SELECT LOGSOURCETYPENAME(devicetype) AS "Log Source Type", devicetype AS "Log Source ID", LONG(UNIQUECOUNT(logsourceid)) as "Number of Log Sources", LONG(SUM(eventcount)) as "Total Events", LONG(COUNT(*)) as "Aggregated Events", LONG(COUNT(isunparsed)) AS "Unparsed Events", STR(LONG(SUM(eventcount)/24*3600)) as "EPS", LONG("Unparsed Events"*100) / "Total Events" AS "PercentUnparsed" FROM events GROUP BY devicetype ORDER BY "PercentUnparsed","Unparsed Events" DESC LAST 24 HOURS

Unparsed Events Percentage for a Specific Log Source Type

To further investigate the parsing issues with one specific log source type (for example, devicetype=11), you can run the following query that returns a breakdown of the statistics per log source.

SELECT LOGSOURCENAME(logsourceid) AS "Log Source Name", LONG(SUM(eventcount)) as "Total Events", LONG(COUNT(*)) as "Aggregated Events", LONG(COUNT(isunparsed)) AS "Unparsed Events", STR(LONG(SUM(eventcount)/24*3600)) as "EPS", LONG("Unparsed Events"*100) / "Total Events" AS "PercentUnparsed" FROM events WHERE GROUP BY logsourceid ORDER BY "PercentUnparsed","Unparsed Events" DESC LAST 24 HOURS

Tip

Add more fields as required for your environment. Create an AQL parameter for the devicetype=11 variable. For more information, see Creating AQL parameters for your workspace dashboards.

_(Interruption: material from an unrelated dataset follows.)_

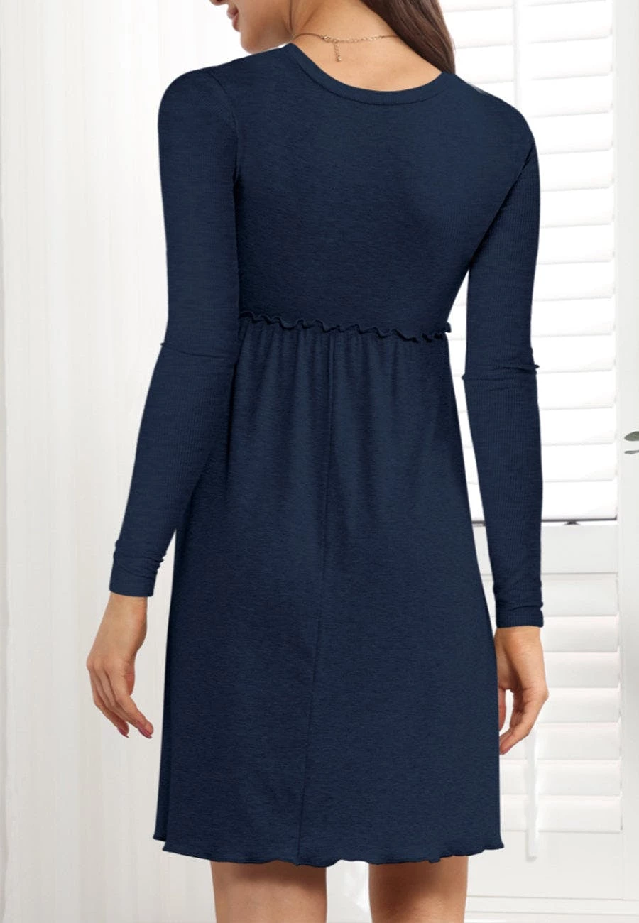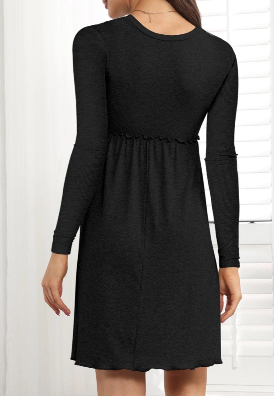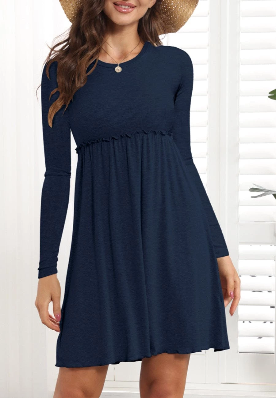 The Anna-Kaci Dress is detailed with a cute lettuce trim. Features a round neck line, empire style, long sleeves, flowy skirt, and above knee length. Pair it with knee-high boots and a bucket hat for a cool look.

Number Of Partial Matches Per Rule

Provides a list of all rules and building blocks with the number of partial matches within the specified time period.

SELECT RULENAME(partialmatchlist) as "Rule Name", LONG(COUNT(*)) as "Number of Partial Matches" FROM events WHERE partialmatchlist IS NOT NULL GROUP BY "Rule Name" ORDER BY "Number of Partial Matches" DESC LAST 1 HOURS

Number Of Partial Matches Per Event Processor

Provides a list of all rules and building blocks with the number of partial matches within the specified time period.

SELECT HOSTNAME(processorid) as "Event Processor Name", LONG(COUNT(*)) as "Number of Partial Matches" FROM events WHERE partialmatchlist IS NOT NULL GROUP BY "Event Processor Name" ORDER BY "Number of Partial Matches" DESC LAST 1 HOURS

Number Of Partial Matches Per Rule and Per Event Processor

Provides a list of all rules and building blocks, including the number of partial matches per rule within the specified time period.

SELECT HOSTNAME(processorid) as "Event Processor Name", RULENAME(partialmatchlist) as "Rule Name", LONG(COUNT(*)) as "Number of Partial Matches" FROM events WHERE partialmatchlist IS NOT NULL GROUP BY "Event Processor Name", "Rule Name" ORDER BY "Number of Partial Matches" DESC LAST 1 HOURS

Storage Consumption Per Log Source Type

Provides a breakdown of storage that is used by each log source type during 1 day.

Note

This query doesn't include the storage that is used for QRadar indexes. However, most indexes are equally distributed among all events regardless of the log source type or the size of the payload.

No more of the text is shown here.